Thomson used to make calls via satellite phone, which he said cost several dollars for every 10 seconds — one time racking up a 250-pound charge on a call to BBC.
“You want to keep in touch with people,” Thomson said. “One … if you get on really well together. And secondly because, if you’re going to come back to the region, to know ‘Are they still on this number?’, ‘What’s happening with their lives?’”
Thomson said he was able to conduct radio interviews with a contact immigrating to Europe from Equatorial Guinea.
Despite the hardships of foreign correspondence, Thomson said the intensity of his work in foreign countries puts smaller issues into perspective.
“When you [have] experienced life at the real sharp end and seen some amazingly good things for people, as well as the bad … it can be quite hard going back to things,” he said. “If you were suddenly asked, ‘Should all taxis in Missouri, instead of being yellow … be green?’ And then there may be a public debate [where] you start thinking, ‘Do we really care?’”

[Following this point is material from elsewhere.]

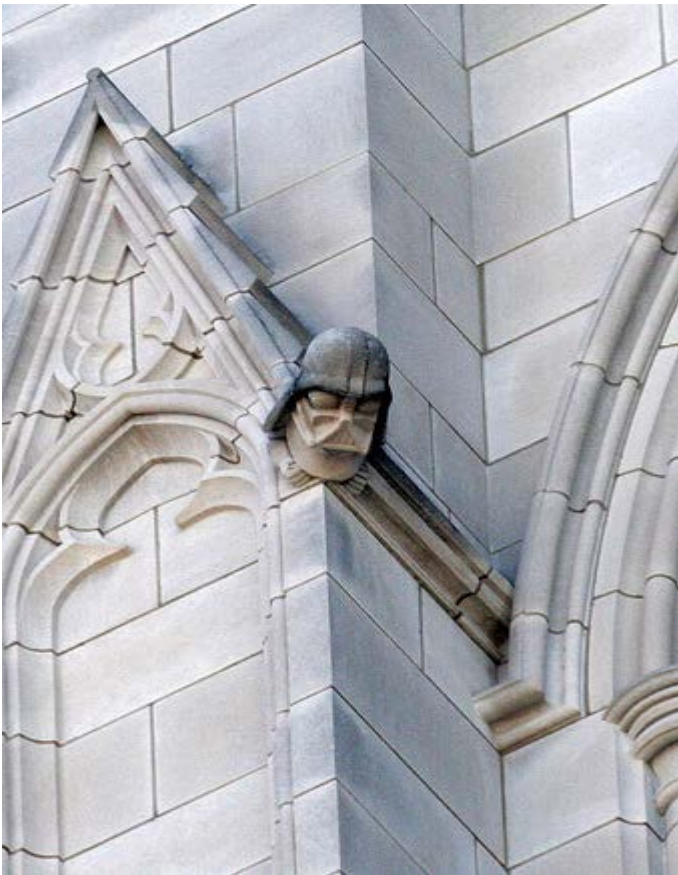
Fig. 75. Darth Vader from Star Wars on the facade of the National Cathedral (see full page, below).

Thomson noted that viewing certain stories as being beneath one’s self can be a “fatal” mistake in journalism, but that certain local issues may seem trivial in the global perspective.
He offered advice for those considering a career in foreign correspondence, stating that risk is not necessarily inherent to the job if one is reporting in an area without extreme conflict.
“You’ve got to enjoy travel,” Thomson said. “You’ve got to enjoy people. I think also if anyone was thinking it’s a glamorous life, to think again on that one … I’ve done this job now for more than 20 years as a foreign correspondent, and I wouldn’t stop it. If you want a life with often extraordinary experiences, provided of course, you come out the right side of them. It’s such a gift.”